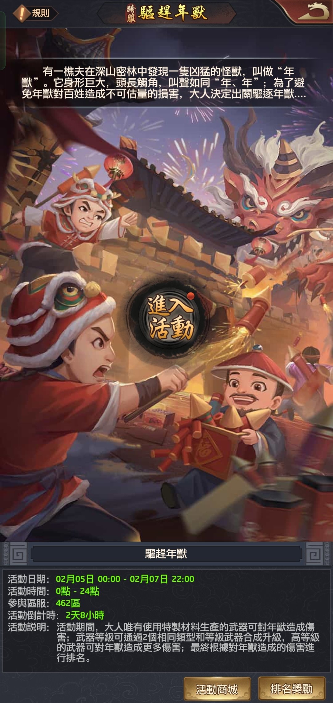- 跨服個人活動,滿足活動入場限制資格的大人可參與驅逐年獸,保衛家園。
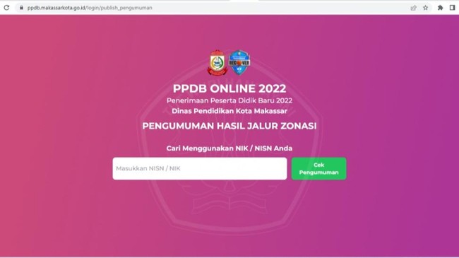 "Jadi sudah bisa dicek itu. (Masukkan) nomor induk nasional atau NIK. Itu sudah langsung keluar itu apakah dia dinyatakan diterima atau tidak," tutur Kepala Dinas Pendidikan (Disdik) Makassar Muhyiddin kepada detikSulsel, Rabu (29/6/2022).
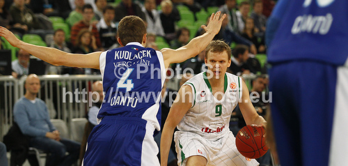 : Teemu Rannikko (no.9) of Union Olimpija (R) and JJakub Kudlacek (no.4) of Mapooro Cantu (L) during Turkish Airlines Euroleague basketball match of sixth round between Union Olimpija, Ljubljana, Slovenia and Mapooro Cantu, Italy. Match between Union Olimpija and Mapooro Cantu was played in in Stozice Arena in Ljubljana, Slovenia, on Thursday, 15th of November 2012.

» Your assignment:
Take the material above and set it down exactly, minus the images.

» Solution for this task:
- 跨服個人活動,滿足活動入場限制資格的大人可參與驅逐年獸,保衛家園。
 "Jadi sudah bisa dicek itu. (Masukkan) nomor induk nasional atau NIK. Itu sudah langsung keluar itu apakah dia dinyatakan diterima atau tidak," tutur Kepala Dinas Pendidikan (Disdik) Makassar Muhyiddin kepada detikSulsel, Rabu (29/6/2022).
 : Teemu Rannikko (no.9) of Union Olimpija (R) and JJakub Kudlacek (no.4) of Mapooro Cantu (L) during Turkish Airlines Euroleague basketball match of sixth round between Union Olimpija, Ljubljana, Slovenia and Mapooro Cantu, Italy. Match between Union Olimpija and Mapooro Cantu was played in in Stozice Arena in Ljubljana, Slovenia, on Thursday, 15th of November 2012.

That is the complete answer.